» GIVEN DATA:
• • •

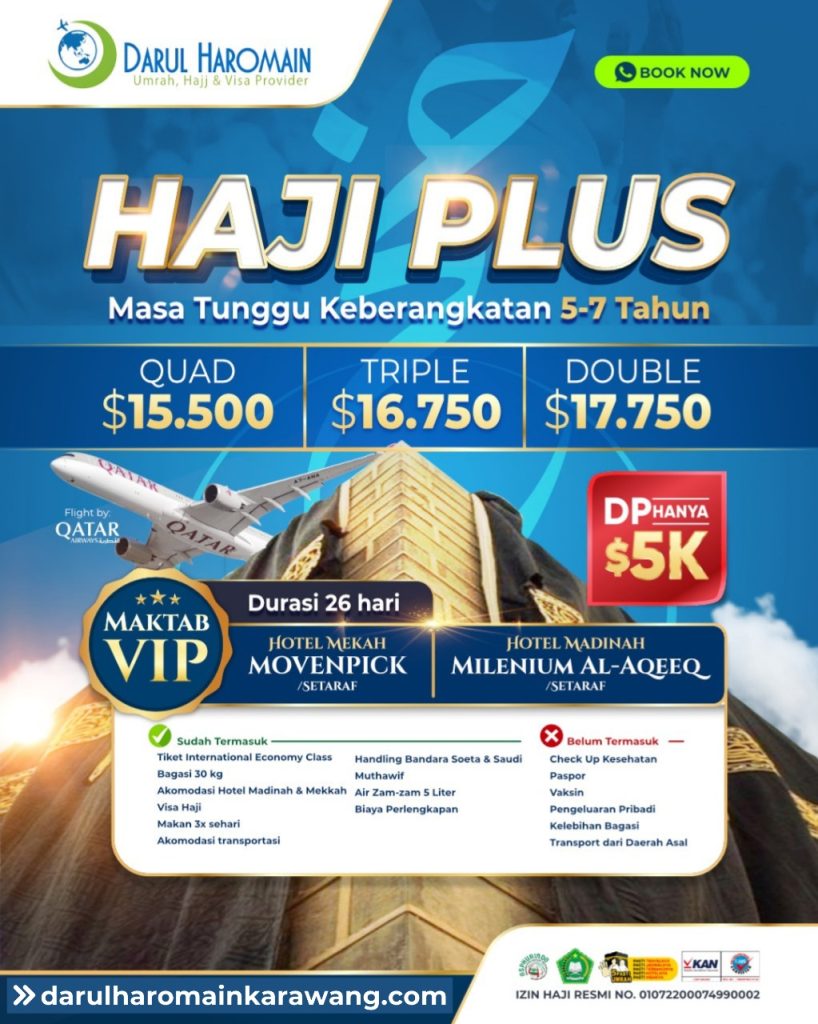 Haji adalah tamu Allah. Maka, sudah sepatutnya kita mempersiapkan diri dengan sebaik-baiknya. Dengan fasilitas terbaik, bimbingan yang berpengalaman, serta waktu tunggu yang lebih singkat, insyaaAllah perjalanan ibadah Anda akan lebih terarah, tenang, dan penuh keberkahan.
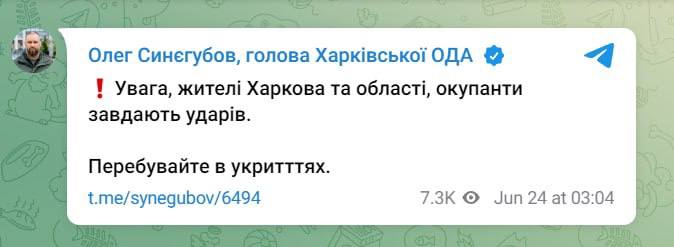 03:10 Удары по Харькову и области подтвердил глава Харьковской ОВА Олег Синегубов.
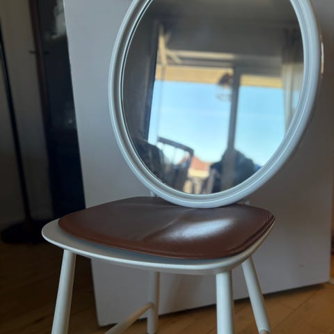 Flot og stilrent rundt spejl i hvid træramme. Den runde form er et populært valg i boligindretning, da den bløder rummets linjer op og tilfører et roligt, organisk udtryk.

• • •

Beginning with the line where "03:10 Удары по Харькову" appears, reproduce every remaining line of the listing above, the last one included, but none of the pictures.

 03:10 Удары по Харькову и области подтвердил глава Харьковской ОВА Олег Синегубов.
 Flot og stilrent rundt spejl i hvid træramme. Den runde form er et populært valg i boligindretning, da den bløder rummets linjer op og tilfører et roligt, organisk udtryk.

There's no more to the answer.